A crisis as life-altering as the COVID-19 pandemic has upended the lives of everyone. With larger worries of job and financial security weigh on our minds, it can be harder to look on the brighter side. Our blessings may be well disguised in this pandemic, but we can still find silver linings in the dark cloud.
#1 It Accelerated The Adoption Of Remote Work
In a short span of time, work as we know it took on a different form. The virus chased us out of our cubicles and into the comforts of our home. Organisations were forced to adopt telecommuting practices, as we downloaded video-conferencing apps and relished in a life where commuting to work didn’t exist.
In fact, remote working is likely to stay for many of us in a post-COVID-19 world, with Minister for Trade and Industry Chan Chun Sing saying that working from home will continue to be the norm even after circuit breaker ends.
This pandemic has unintentionally revealed the value of remote work, and it has proven to organisations and professionals that it can be effective. It serves as a realisation to companies who used to shun telecommuting and forces them to relook the flexibility offered at workplaces.
The widespread adoption of remote work is also a welcome development for persons with special needs, who can remain at home to work and not worry about commuting to their workplace, which might not have the features to enable them to work productively.
#2 Validated Our World-Class Health Care System
This pandemic gave society as a whole a renewed appreciation for Singapore’s highly-effective healthcare system and the unsung heroes and heroines who make healthcare work.
After a highly successful and widely-praised initial containment effort led by contact tracing, the surge of cases among foreign workers did put a strain on Singapore’s healthcare resources, but it has quickly adapted to expand its capacity.

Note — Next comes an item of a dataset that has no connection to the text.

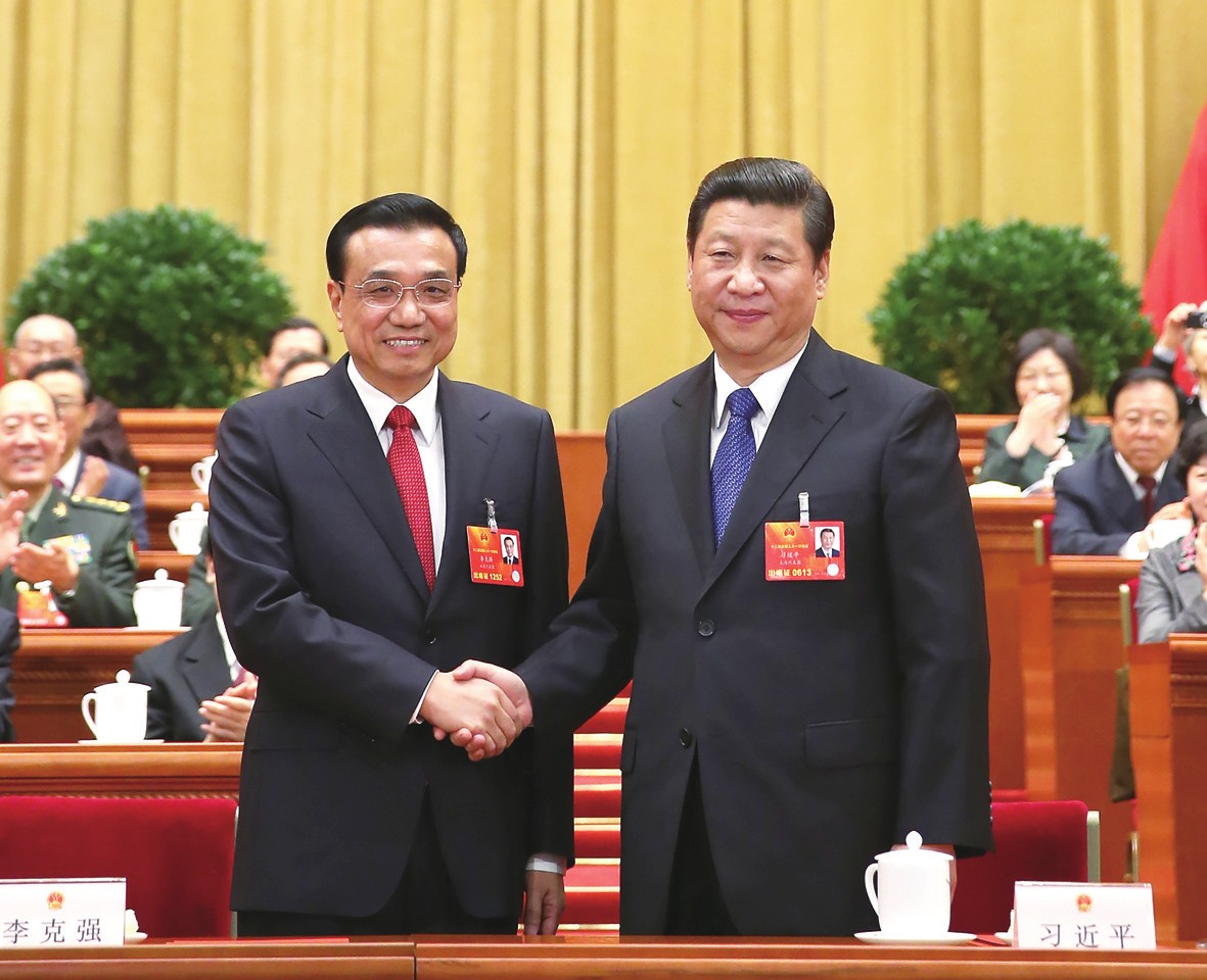 图①:2013年3月15日,第十二届全国人民代表大会第一次会议在北京人民大会堂举行第五次全体会议。会议经过投票表决,决定李克强为中华人民共和国国务院总理。这是习近平同志和李克强同志亲切握手。新华社记者兰红光/摄

For instance, bed capacity for community care facilities for COVID-19 patients with mild symptoms will double to 20,000 by end-June.
Patients who are well by the end of their 14th day are transferred to a Community Recovery Facility, before being assessed for discharge. The current 2,000 beds for community recovery facilities will be ramped up to more than 10,000 beds by end-June.

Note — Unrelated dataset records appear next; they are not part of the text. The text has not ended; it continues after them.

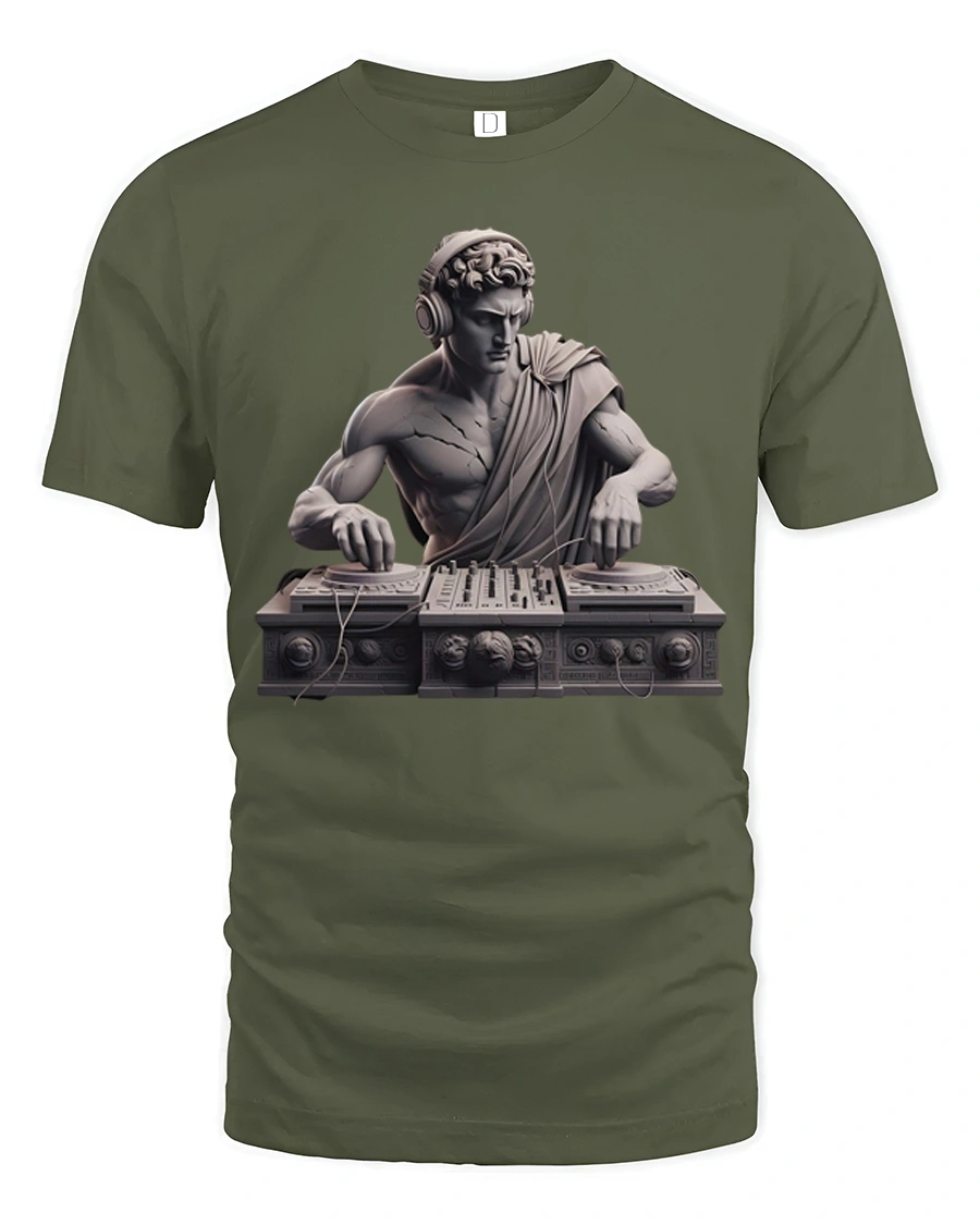 Classical DJ Statue Music Producer Greek Art Graphic T Shirt - military green t-shirt on white background
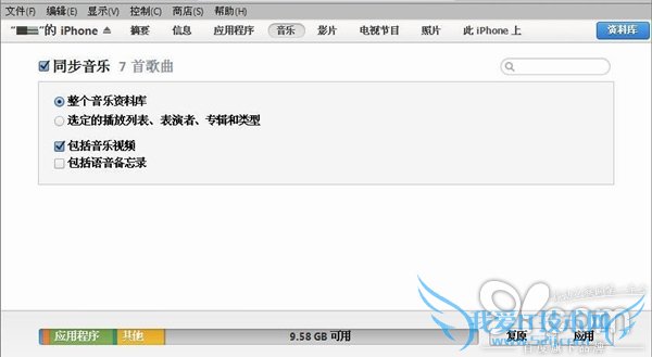 第三步,进行音频文件同步,同步时,在iPhone设备“音乐”选项页面,勾选“同步音乐”进行音乐同步。
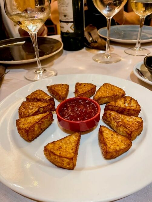 - le fromage de chèvre local, servi frit avec de la confiture de tomate, ou encore plus traditionnel, avec de la sauce tomate
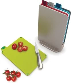 De snijplanken uit de โINDEX โ serie van Joseph Joseph onderscheiden zich omdat de kleuren van de snijplanken overeen komen met de hygiรซne codes. Door vis, vlees, kip, groentes en brood op verschillende snijplanken te snijden voorkom je kruisbesmetting. De snijplanken hebben antislip voetjes en kunnen in de vaatwasser. De Index Joseph Joseph met 4 snijplanken worden in een houder geleverd. De Index snijplanken zijn een sierraad voor uw keukenblad. De snijplanken zijn BPA vrij en vaatwasmachinebestendig.
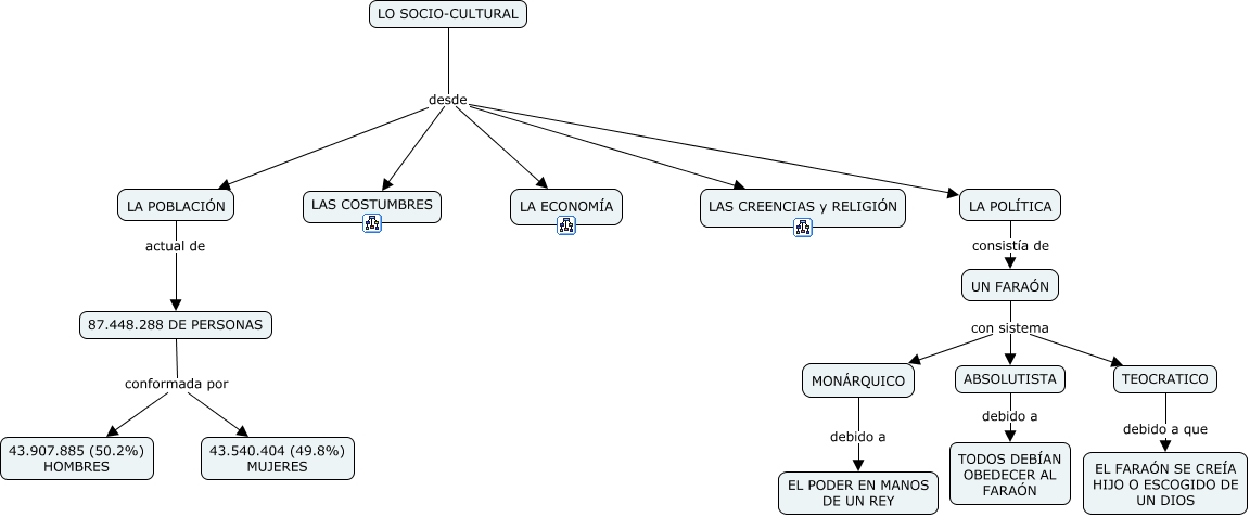 Este Cmap, tiene información relacionada con: SOCIO-CULTURAL, TEOCRATICO debido a que EL FARAÓN SE CREÍA HIJO O ESCOGIDO DE UN DIOS, LO SOCIO-CULTURAL desde LA ECONOMÍA, LO SOCIO-CULTURAL desde LAS CREENCIAS y RELIGIÓN, LO SOCIO-CULTURAL desde LA POBLACIÓN, ABSOLUTISTA debido a TODOS DEBÍAN OBEDECER AL FARAÓN, LA POLÍTICA consistía de UN FARAÓN, MONÁRQUICO debido a EL PODER EN MANOS DE UN REY, LA POBLACIÓN actual de 87.448.288 DE PERSONAS, 87.448.288 DE PERSONAS conformada por 43.540.404 (49.8%) MUJERES, 87.448.288 DE PERSONAS conformada por 43.907.885 (50.2%) HOMBRES, LO SOCIO-CULTURAL desde LA POLÍTICA, LO SOCIO-CULTURAL desde LAS COSTUMBRES, UN FARAÓN con sistema MONÁRQUICO, UN FARAÓN con sistema ABSOLUTISTA, UN FARAÓN con sistema TEOCRATICO

#3 We Realise How Precarious Our Financial Situation Can Be – But It’s Not Too Late
The next recession could be around the corner, with the economy possibly contracting more than the -1% to -4% forecast. As the pandemic evolves, the resulting impact of job losses and lower wages has made us conscious, or even worried, about our financial health.
Part of this worry is due to the circuit breaker measures. Some of us are unable to work, or are only doing so at a reduced workload, causing a dip in or loss of our income. We might be tapping into our emergency funds to cover expenses, while others fret about their bank accounts running dry.
It has made us more aware about the importance of an emergency fund. But it’s still not too late to relook into our finances, given that the grants and other forms of help provided this crisis. MAS has announced support such as deferments on loan payments and extensions of loan tenures of existing debt consolidation plans. This helps to ease cash flow and reduce debt concerns, which helps us tide over tough times while we rebuild our financial health.
#4 We Are More Cognizant Of Our Company’s Resilience & Viability
In good times, employees might be less concerned with their company’s resilience and viability. But as the current crisis unnerves businesses, the cracks in business models are made more apparent, while businesses that were struggling before are now crumbling. In just three months, 239 companies went into liquidation this year, compared to 287 in 2019.
Startups, in particular, are more susceptible to economic shocks. With declining revenues and startup funding dwindling, startups are forced to implement cost-cutting measures, which will be unfortunate for about 20,000 staff employed by 3,800 startups in Singapore.
While this crisis is hardly a blessing for those who were laid off, but it opens our eyes to how fragile some companies may be. In future, we might even be more deliberate in choosing who we want to work for.
Those who remain employed might think that it is lucky that your company has escaped mostly unscathed from the virus. But more often than not, it’s about the resilience and viability of a company rather than just sheer luck.
#5 We Are More Appreciative Of The Important Roles Every Person Plays In Society
One month of social distancing has prompted a sense of appreciation for the frontline workers, be it healthcare workers, delivery riders, or migrant workers. The disease might have exposed the vulnerable groups of people in our society, but that also led to ground-up movements to provide them help.
On Labour Day, various community groups donated care packs and paid tribute to migrant workers. More importantly, it is a small step toward changing biases and attitudes towards these workers, as we realise their contributions to our society.
We are now more sensitive to the different roles we play within society and how we all contribute. With our nation stripped bare except for the most essential services, it is a reminder of what keeps our society going.